Я подошел и встал перед ней.
— Глория, — спросил я сурово, — где ты была? Она подняла на меня глаза и вздохнула. Это был счастливый, удовлетворенный вздох, явно навеянный воспоминаниями, вздох, от которого я просто позеленел и ощутил, что на лбу у меня прорезаются рога… Я все стоял, возвышаясь над нею. Она подождала еще немного, затем встала, включила проигрыватель, раскопала среди пластинок «Танец часов»,[5] увеличила громкость и чересчур усилила низкие тона, что совершенно не подходило для такой пластинки. Я прошел через комнату и сделал тише.
— Пожалуйста, Лео, — сказала она обиженным тоном, — мне это нравится.
Я со злобой крутанул ручку назад и уселся, надувшись, поставив локти на колени. Я был вне себя. Все шло не так.

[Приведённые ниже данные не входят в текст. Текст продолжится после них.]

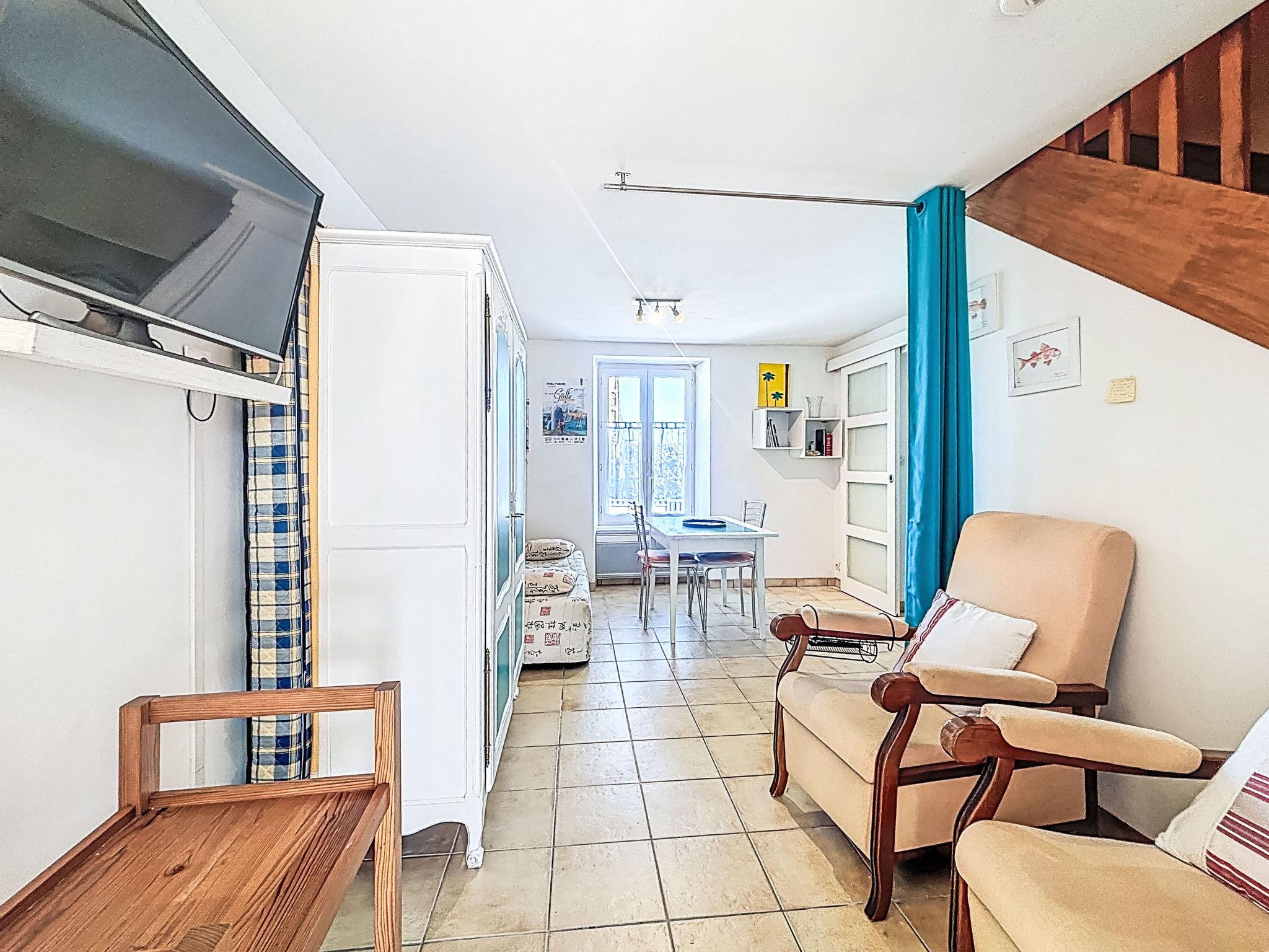 " Maison Aristide Briand", 2-room terraced house 50 m2. Comfortable furnishings: living/dining room with veranda with TV (flat screen). Lounge with 1 double sofabed (1 x 140 cm, length 190 cm), TV (flat screen). Kitchen (oven, dishwasher, 4 gas rings, toaster, kettle, microwave, freezer, electric coffee machine, raclette grill). Sep. WC. Upper floor: 1 room with 1 french bed (1 x 140 cm, length 190 cm). Shower/WC. Heating. Terrace 20 m2, garden. Terrace furniture, barbecue, deck chairs. Facilities: washing machine, baby cot (extra). Internet (WiFi, extra). Parking. Please note: non-smokers only. Smoke alarm. Offer by a private individual according to Art. 155, IV of CGI.
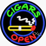 Cigars: Green. Open: Red. Logo: Y, W, R,.
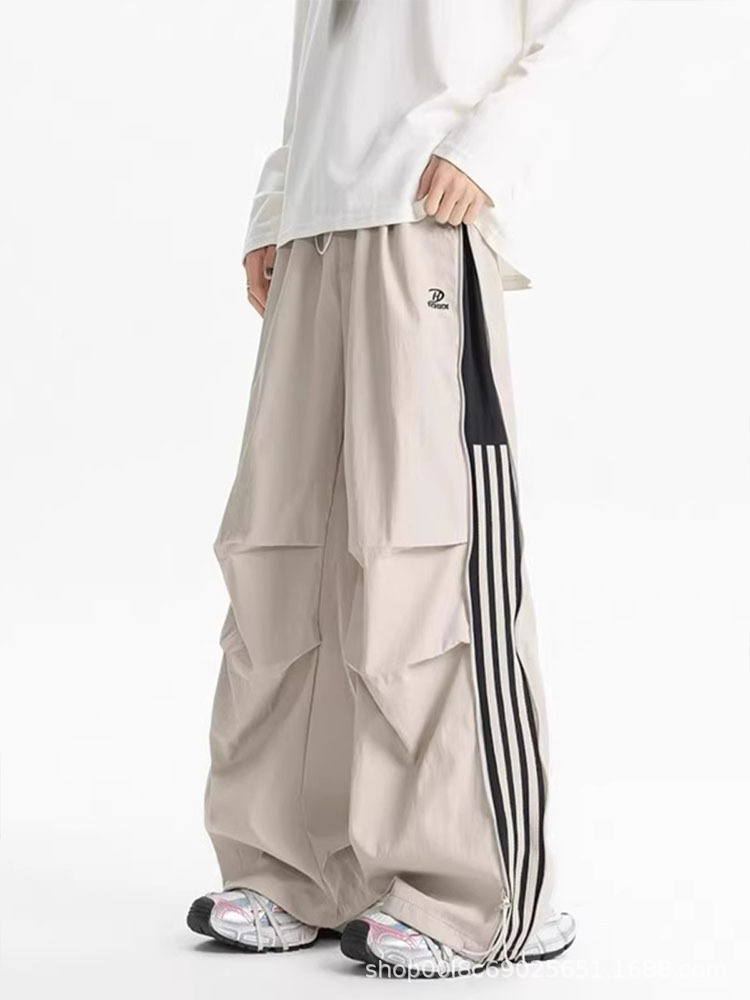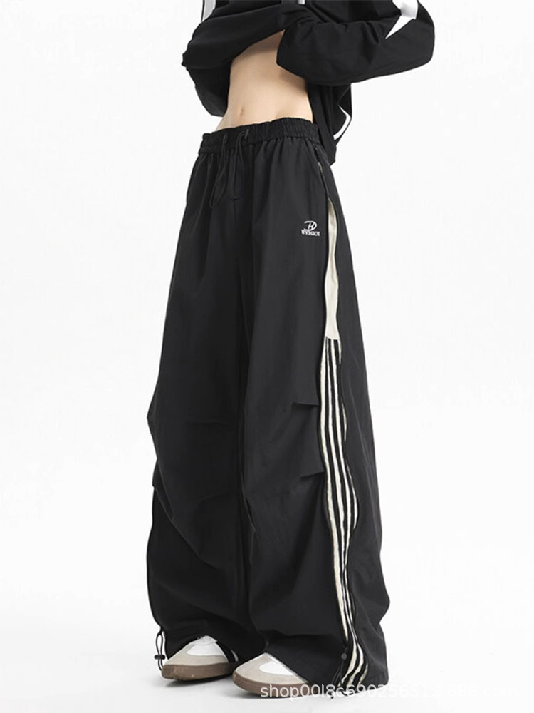 미국식 빠른 건조 충전 바지 여자 여름 스트레이트 느슨한 마체테 바지 올 매치 지퍼 사이드 스트라이프 낙하산 툴링 바지스토어 가기

Ясно, что надо сделать, думал я мрачно. Переломить себя, встать и учинить ей нагоняй.
Как я был прав! Но я не сделал этого, не смог! Ведь это была Глория! Даже когда я глядел на нее и видел, как она смотрит на меня с легкой презрительной усмешкой, я не мог. Ну, и было уже поздно. Она наблюдала за мной, сравнивая меня с…
Да, именно так. Она сравнивала меня с кем-то. Этот кто-то отличался от меня, он ни во что не ставил все, что было в ней нежным и тонким, все, что я любил и разделял с ней. А ей, конечно, это нравилось.
Я решил дать Глории возможность сделать первый шаг. Мне казалось, она презирает меня. Так оно и было.
В голове всплыл когда-то услышанный диалог деревенской парочки:
— Ты меня любишь, Алф?
— Ага.
— Тогда поколоти меня легонечко.
Понимаете? Я знал, что надо сделать, но…
Но это была Глория. Я не мог. Пластинка кончилась, вертушка автоматически отключилась. Наверное, Глория ждала, что я переверну пластинку. Но я не сделал этого. Она сказала усталым голосом:
— Хорошо, Лео. В чем дело?
Я сказал себе: начну с самого худшего, что можно предположить. Она будет все отрицать, и мне сразу станет легче. И произнес:
— Ты изменилась. У тебя есть кто-то еще.
Она посмотрела на раму картины и спокойно улыбнулась.
— Да, — сказала она. — Конечно, есть.